# Count the turtles....



## slim6y (Dec 29, 2006)

Seeing as (in other threads) I notice highly observant readers - I thought an adequate challenge of counting snapping turtles would be the go...

Taken in Mena Creek (Paronella Park) today.

Then when you've counted the turtles - count the smaller roost of Bentwing Bats (and the giant tick - or is it a small bat?). 

How many bats do you see.... hehe...

Good luck!


----------



## Lucas (Dec 29, 2006)

8 turts


----------



## Lucas (Dec 29, 2006)

13 bats


----------



## SlothHead (Dec 29, 2006)

I think 9 turtles

14 bats 

A dirty big spider

Thanks i feel better now


----------



## SlothHead (Dec 29, 2006)

man i really need to do some work


----------



## slim6y (Dec 29, 2006)

We Have It All said:


> man i really need to do some work



haha.. And you're the reason I started this thread 

We alreaduy have a disagreement with numbers... I'm waiting for magpie to enlarge the pics and circle the animals individually using photoshop hehe...


----------



## Lucas (Dec 29, 2006)

There isn't any disagreement on numbers.............I'm right


----------



## Chrisreptile (Dec 29, 2006)

8 and 13


----------



## slim6y (Dec 29, 2006)

*Then what is this...*

The counting might be interesting... but what is this creature?


----------



## Lucas (Dec 29, 2006)

?????????


----------



## slim6y (Dec 29, 2006)

Lucas said:


> ?????????



Do you need a hint already 

hehe....

I will put more of the photo up later or tomorrow depending on guesses!


----------



## Lucas (Dec 29, 2006)

I've got no idea what that blur is.


----------



## slim6y (Dec 29, 2006)

Lucas said:


> I've got no idea what that blur is.



By zooming out on that 'blur' it makes it too easy... so you're going to have to use your imagination


----------



## Lucas (Dec 29, 2006)

Wild stab,= wedge tailed eagle.


----------



## SlothHead (Dec 29, 2006)

i got no idea

but still no one got the spider

is it a bad thing that people are observant


----------



## slim6y (Dec 29, 2006)

Lucas said:


> Wild stab,= wedge tailed eagle.



Nope


----------



## SlothHead (Dec 29, 2006)

*my counting*

I could be over counting slightly, but this is where i got my count from.

Not spider not circled

this is like a Wheres Walley game


----------



## slim6y (Dec 29, 2006)

We Have It All said:


> i got no idea
> 
> but still no one got the spider
> 
> is it a bad thing that people are observant



Oh no... someone did get the spider


----------



## Lucas (Dec 29, 2006)

Saw the spider and what looks like hundreds of ticks but I thought it was so obvious it wasn't worth a mention:lol:


----------



## slim6y (Dec 29, 2006)

We Have It All said:


> I could be over counting slightly, but this is where i got my count from.
> 
> Not spider not circled
> 
> this is like a Wheres Walley game



And you beat magpie to it lol


----------



## SlothHead (Dec 29, 2006)

What tics????

lol


----------



## SlothHead (Dec 29, 2006)

yeah waiting for that bath to run got to fill in some time


----------



## slim6y (Dec 29, 2006)

Lucas said:


> Saw the spider and what looks like hundreds of ticks but I thought it was so obvious it wasn't worth a mention:lol:




Yeah those poor bats - ticks everywhere  I wanted to pick thebats up and remove the ticks for them... But I persuaded myself not to...


----------



## Lucas (Dec 29, 2006)

I'm working, plenty of time to fill in.
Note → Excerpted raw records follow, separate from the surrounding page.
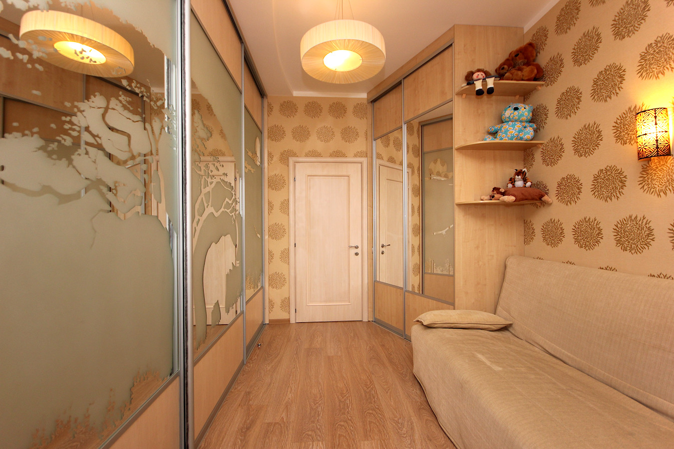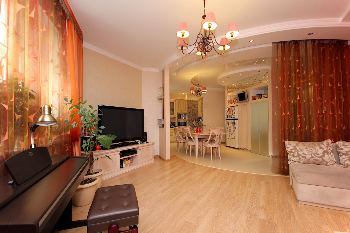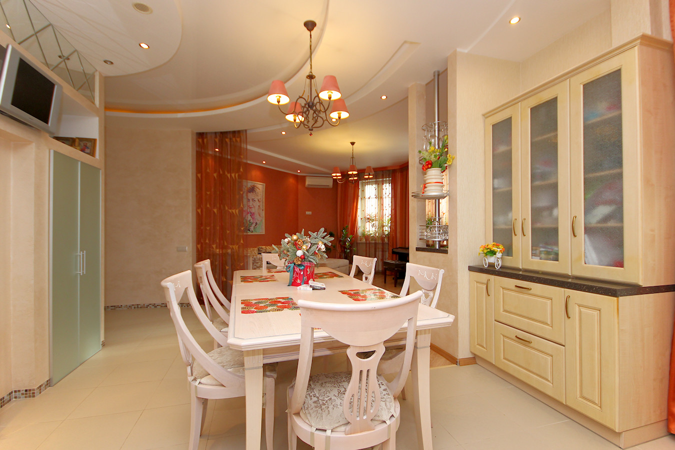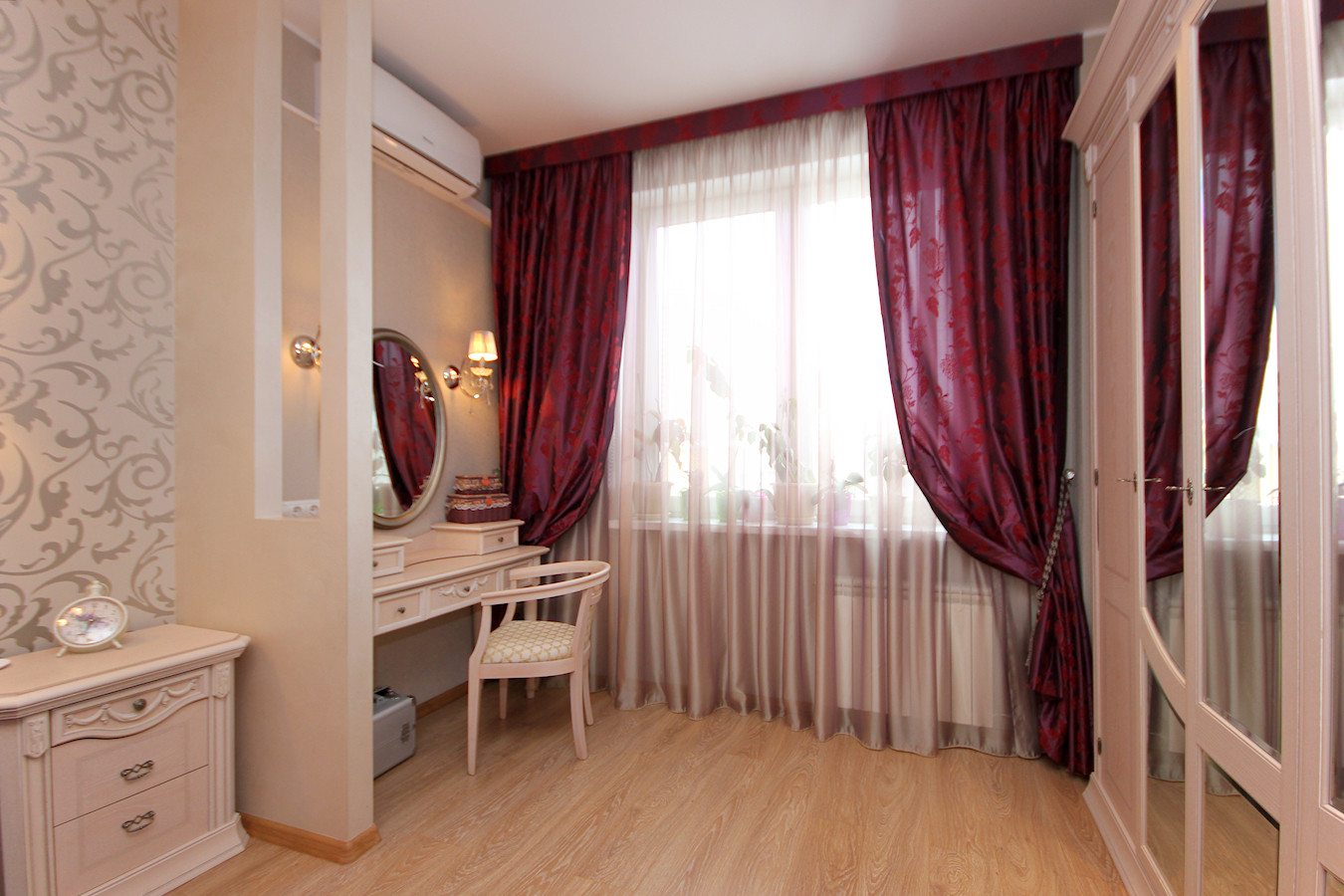 В квартире произведен качественный ремонт по индивидуальному дизайн-проекту. Проект "Большой Круг" выполнен без единого угла где центром является зеркальная колонна. Все выполнено в классическом стиле в благородных светлых тонах.
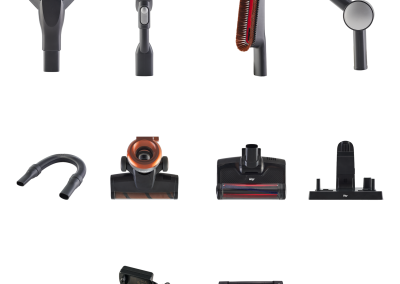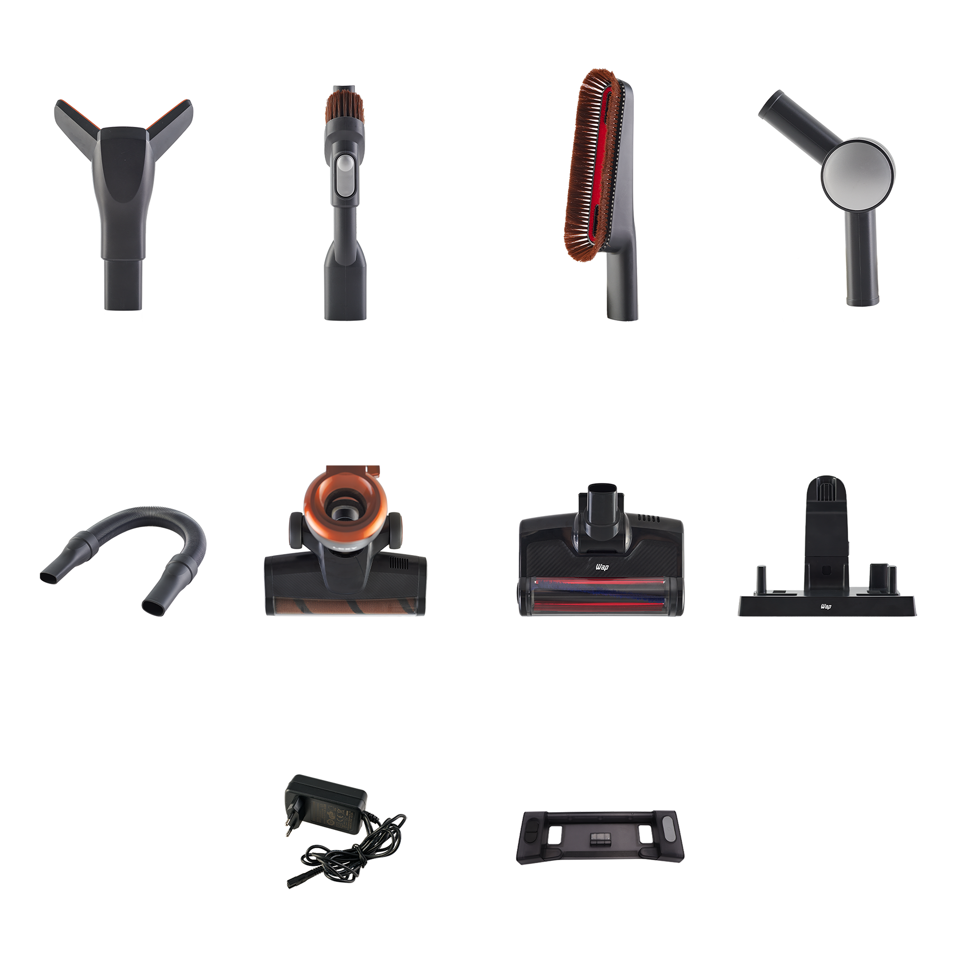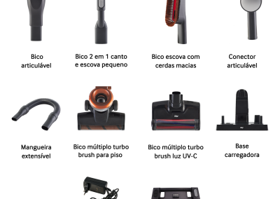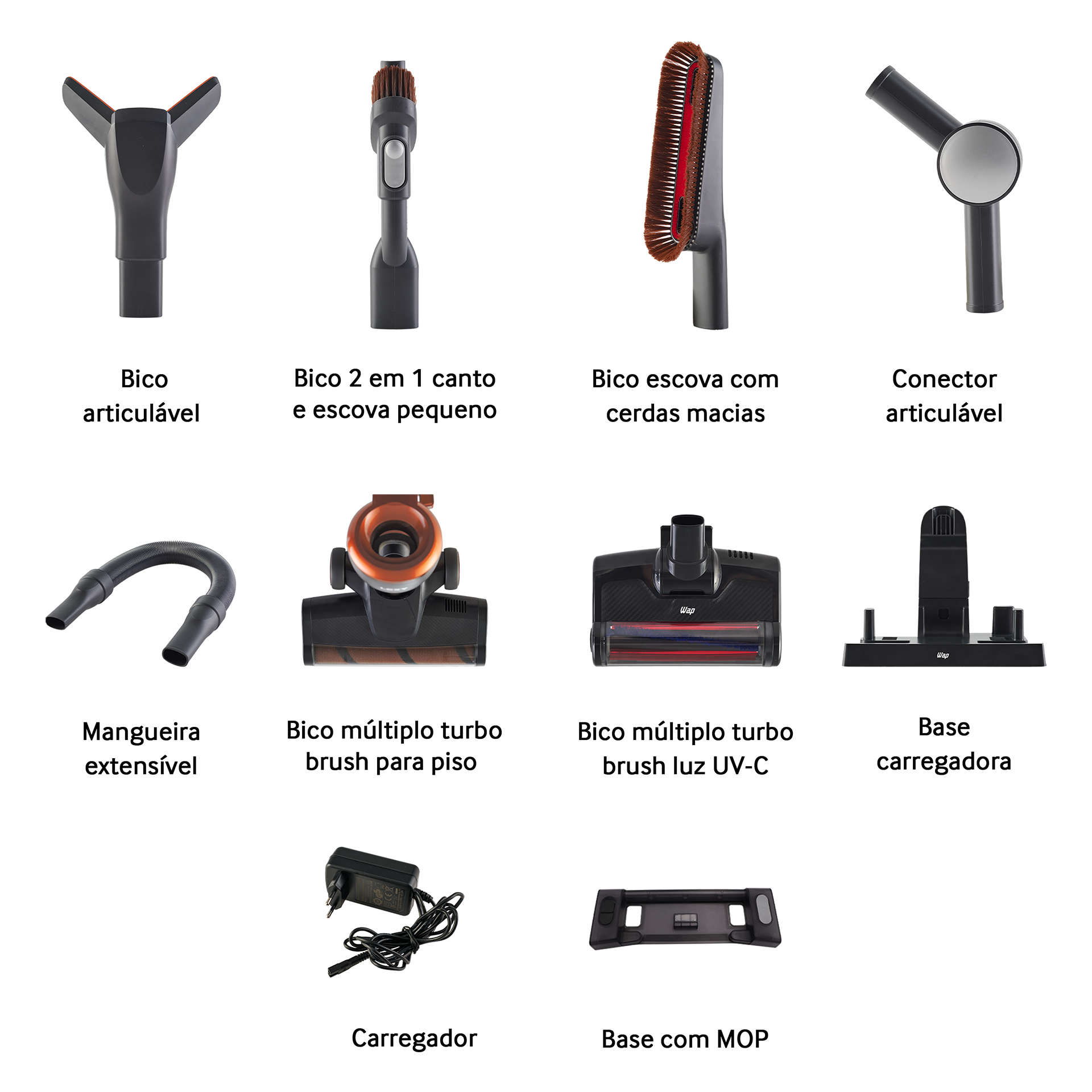 | 1 Alça Extensora Metálica; 1 Bico Articulável; 1 Bico 2 em 1 Canto e Escova Pequeno; 1 Bico Escova com Cerdas Macias; 1 Conector Articulável; 1 Mangueira Extensível; 1 Bico Múltiplo com Turbo Brush para Piso; 1 Bico Múltiplo com Turbo Brush e Luz UV; 1 Escova Rotativa; 1 Base com MOP. |
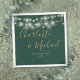 Com bonito luzes de cordas e nomes de estilo de assinatura, esses elegantes guardanapos esmeraldas verdes e dourados podem ser personalizados com seus detalhes de casamento em letra chic. Projetado por Thisnotme©

Waiting for a doco to start at 10pm


----------



## slim6y (Dec 29, 2006)

Does this help you?


----------



## SlothHead (Dec 29, 2006)

this is a wicked thread,
firstly what doco is on at 10 and what channel

and i think the blur is Loch Ness monster


----------



## grimbeny (Dec 29, 2006)

Random guess, a fly.


----------



## Lucas (Dec 29, 2006)

Its a huntsman??

The doco in on SBS at 1010. Its a doco/film on Circ du soleil cabaret shows.


Probably gonna be pretty trippy but might be worth the watch.


----------



## slim6y (Dec 29, 2006)

Nope to the loch ness but 22 points for making such a wild freaky guess - and an extra 10 points for buttering me up with the 'wicked thread' comment... We Have It All stands on 32 points... But incorrect...

Random guess of fly is incorrect... no points sorry...


----------



## slim6y (Dec 29, 2006)

Lucas said:


> Its a huntsman??
> 
> The doco in on SBS at 1010. Its a doco/film on Circ du soleil cabaret shows.
> 
> ...



But good ol' Lucas got the hints...

It's the huntsman from the bottom of the bentwing bat picture!!!


----------



## Lucas (Dec 29, 2006)

Standing ovation if you please


----------



## Chrisreptile (Dec 29, 2006)

oh i see the spider, its right down the bottom in the centre


----------



## Lucas (Dec 29, 2006)

how many turts and bats though?


----------



## slim6y (Dec 29, 2006)

*next....*

whats this then?


----------



## Lucas (Dec 29, 2006)

very pixalated


----------



## SlothHead (Dec 29, 2006)

I would go as far to say an osprey talon


----------



## slim6y (Dec 29, 2006)

Lucas said:


> how many turts and bats though?



What do you want me to do? Go back and count them blah.... haha... ummm... I go with We Have It All's answer - he has circles drawn on his!


----------



## Chrisreptile (Dec 29, 2006)

is it a talon


----------



## SlothHead (Dec 29, 2006)

well its the foot of a raptor

Or the primary toe of it


----------



## slim6y (Dec 29, 2006)

We Have It All said:


> I would go as far to say an osprey talon



Ok - you've got the avian part - but you're MILES off!


----------



## slim6y (Dec 29, 2006)

It's totally a 'talon' *chuckle* but not of a raptor!


----------



## SlothHead (Dec 29, 2006)

i dont mean velociraptor, i mean raptor, you know, bird of prey.

Sea eagle


----------



## herptrader (Dec 29, 2006)

slim6y said:


> The counting might be interesting... but what is this creature?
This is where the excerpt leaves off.